На эту ее точность Монахову ответить было нечем. Еще безмолвнее завершал он туалет. Он уже вошел в роль, и тем искреннее, чем притворнее.
— Монахов, милый, ну прости! Я не хотела. Я ничего не сказала. Стихи плохие, Монахов! Постой, куда ты! Я не буду. Я не знаю что… Монахов! Монахов, умоляю!
Монахов милостиво позволил себя обнять. Холодный, гордый.
— Монахов, не уходи! Не уходи, прошу!
А Монахову ведь и не к кому было уходить… Он перестал притворяться — и расплылся в счастливой улыбке.
— Не ушел! Не ушел! Ну что это на тебе какие-то тряпки? Ну снимай же! Монахов…
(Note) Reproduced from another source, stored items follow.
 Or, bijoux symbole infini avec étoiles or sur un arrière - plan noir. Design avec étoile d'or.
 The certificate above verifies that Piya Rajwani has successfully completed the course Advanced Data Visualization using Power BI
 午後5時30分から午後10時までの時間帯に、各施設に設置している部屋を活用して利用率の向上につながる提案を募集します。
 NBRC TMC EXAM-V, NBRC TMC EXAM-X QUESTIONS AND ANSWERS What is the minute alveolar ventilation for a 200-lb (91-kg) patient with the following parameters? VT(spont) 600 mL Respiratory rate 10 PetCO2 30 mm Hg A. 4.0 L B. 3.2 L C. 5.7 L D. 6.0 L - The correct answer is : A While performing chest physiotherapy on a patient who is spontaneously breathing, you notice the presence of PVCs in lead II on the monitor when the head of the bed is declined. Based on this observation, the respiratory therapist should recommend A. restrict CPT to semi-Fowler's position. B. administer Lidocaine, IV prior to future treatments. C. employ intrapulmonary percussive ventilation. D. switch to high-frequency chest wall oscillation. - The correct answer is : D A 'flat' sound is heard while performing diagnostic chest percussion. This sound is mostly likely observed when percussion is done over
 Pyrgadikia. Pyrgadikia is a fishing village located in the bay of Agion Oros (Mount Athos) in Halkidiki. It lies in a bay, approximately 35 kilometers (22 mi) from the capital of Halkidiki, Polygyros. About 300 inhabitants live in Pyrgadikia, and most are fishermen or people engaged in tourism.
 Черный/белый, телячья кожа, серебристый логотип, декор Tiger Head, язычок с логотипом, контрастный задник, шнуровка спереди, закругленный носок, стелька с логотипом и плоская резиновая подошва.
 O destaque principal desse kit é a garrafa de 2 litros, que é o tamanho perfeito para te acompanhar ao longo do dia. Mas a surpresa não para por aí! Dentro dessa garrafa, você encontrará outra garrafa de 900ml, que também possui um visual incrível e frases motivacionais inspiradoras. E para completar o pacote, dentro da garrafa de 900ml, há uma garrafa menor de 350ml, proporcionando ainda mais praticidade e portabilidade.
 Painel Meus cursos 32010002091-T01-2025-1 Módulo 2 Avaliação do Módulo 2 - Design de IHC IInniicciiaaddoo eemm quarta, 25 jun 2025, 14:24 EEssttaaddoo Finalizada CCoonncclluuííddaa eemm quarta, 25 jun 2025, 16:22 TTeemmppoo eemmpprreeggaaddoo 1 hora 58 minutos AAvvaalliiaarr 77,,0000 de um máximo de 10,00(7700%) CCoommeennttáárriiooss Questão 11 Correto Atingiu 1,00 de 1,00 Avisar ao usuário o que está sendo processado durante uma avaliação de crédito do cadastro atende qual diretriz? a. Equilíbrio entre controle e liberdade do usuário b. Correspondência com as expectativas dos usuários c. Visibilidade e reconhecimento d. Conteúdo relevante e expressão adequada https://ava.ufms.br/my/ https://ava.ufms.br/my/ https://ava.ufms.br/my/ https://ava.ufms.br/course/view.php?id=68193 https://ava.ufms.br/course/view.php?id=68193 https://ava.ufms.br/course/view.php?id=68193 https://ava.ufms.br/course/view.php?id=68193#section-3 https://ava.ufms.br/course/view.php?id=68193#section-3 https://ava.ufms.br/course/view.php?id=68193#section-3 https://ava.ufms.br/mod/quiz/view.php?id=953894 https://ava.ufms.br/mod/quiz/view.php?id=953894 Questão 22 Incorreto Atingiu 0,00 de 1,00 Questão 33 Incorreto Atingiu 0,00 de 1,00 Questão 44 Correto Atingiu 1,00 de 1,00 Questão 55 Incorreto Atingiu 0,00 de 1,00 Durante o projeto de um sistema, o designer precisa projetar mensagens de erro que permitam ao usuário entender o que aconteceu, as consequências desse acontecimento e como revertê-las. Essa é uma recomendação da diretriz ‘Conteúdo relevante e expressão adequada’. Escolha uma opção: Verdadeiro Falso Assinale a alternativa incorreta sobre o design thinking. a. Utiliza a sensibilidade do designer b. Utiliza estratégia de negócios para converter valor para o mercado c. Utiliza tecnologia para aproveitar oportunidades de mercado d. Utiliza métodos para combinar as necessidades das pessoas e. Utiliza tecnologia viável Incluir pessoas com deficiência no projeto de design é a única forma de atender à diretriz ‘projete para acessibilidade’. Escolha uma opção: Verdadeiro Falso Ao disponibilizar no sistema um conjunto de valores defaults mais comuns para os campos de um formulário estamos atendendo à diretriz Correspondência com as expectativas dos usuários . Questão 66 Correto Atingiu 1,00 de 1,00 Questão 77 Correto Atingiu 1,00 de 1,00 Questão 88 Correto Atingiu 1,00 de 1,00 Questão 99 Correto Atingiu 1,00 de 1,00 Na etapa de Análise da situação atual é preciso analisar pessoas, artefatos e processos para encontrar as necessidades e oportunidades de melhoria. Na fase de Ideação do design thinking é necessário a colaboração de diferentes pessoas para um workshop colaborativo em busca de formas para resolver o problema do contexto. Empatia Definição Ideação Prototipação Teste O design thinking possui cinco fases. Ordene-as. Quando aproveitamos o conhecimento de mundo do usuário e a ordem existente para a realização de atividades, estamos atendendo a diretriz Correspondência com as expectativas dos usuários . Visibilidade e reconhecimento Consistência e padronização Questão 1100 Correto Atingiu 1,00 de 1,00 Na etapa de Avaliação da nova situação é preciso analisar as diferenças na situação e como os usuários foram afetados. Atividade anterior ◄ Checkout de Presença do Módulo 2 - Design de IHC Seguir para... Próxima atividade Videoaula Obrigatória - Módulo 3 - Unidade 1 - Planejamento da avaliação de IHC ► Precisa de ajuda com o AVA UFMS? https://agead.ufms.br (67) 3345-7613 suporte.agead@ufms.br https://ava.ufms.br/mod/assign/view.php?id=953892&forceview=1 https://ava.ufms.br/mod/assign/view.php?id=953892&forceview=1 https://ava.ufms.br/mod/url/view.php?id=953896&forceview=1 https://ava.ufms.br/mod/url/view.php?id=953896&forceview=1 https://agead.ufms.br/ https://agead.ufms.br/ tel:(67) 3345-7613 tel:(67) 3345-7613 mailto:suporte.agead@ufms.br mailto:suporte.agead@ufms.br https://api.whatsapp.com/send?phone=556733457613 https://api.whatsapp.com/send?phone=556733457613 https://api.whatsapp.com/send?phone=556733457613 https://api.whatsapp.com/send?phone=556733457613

К ночи они вышли на обезлюдевшую темную улицу, и Монахов почувствовал себя на юге. Это чувство он знал и очень любил, как первый в сезоне огурец. Такое чувство, будто попарился и вышел: легко, тепло и уже вечер. После парилки, выйдя даже на мороз, Монахов всегда вспоминал юг. Нельзя сказать, чтобы сейчас он вспомнил о парилке и сопоставил.
— Юг — это юг, — сказал он, глубоко вздохнув.
Звезды усыпали небо, фонари уже погасли, однако было как-то светловато в этой полной ночи. Пахло костерком и каким-то первым сухим цветением. Здесь отцвела рыночная мимоза, готовил свои свечи каштан…
Каштан черемухой покрылся,Бульвар Французский был в цвету.Наш Костя, кажется, влюбился…—
пропел Монахов и рассмеялся.
Представляешь, «каштан— черемухой…». Я так в детстве пел. Я ведь здесь был в детстве…
Правда, влюбился? — Наталья счастливо чмокнула его в щеку.
Праздник не кончался. Девушка рядом и именно Наташа. Монахов чувствовал себя так юно! Он жалел, что давно забыл и не испытывал этого. Жизнь… Он чувствовал себя ровно так, как когда-то, на какой-то практике, в какой-то деревне, после танцев… Не молодым он себя все-таки почувствовал, а как молодой. Разница. Эта мысль смутна, как чей-то шорох, какой-то шелест, что-то вспорхнуло, улетело, заскрипели тормоза. «Как юный…» — вздохнул Монахов, прислушиваясь, но, мысли той так и не подумав, как и про баню — не сравнив, не вспомнив, вдруг сказал:
— Слушай, а здесь парилка, в Ташкенте, есть? Здесь парятся?..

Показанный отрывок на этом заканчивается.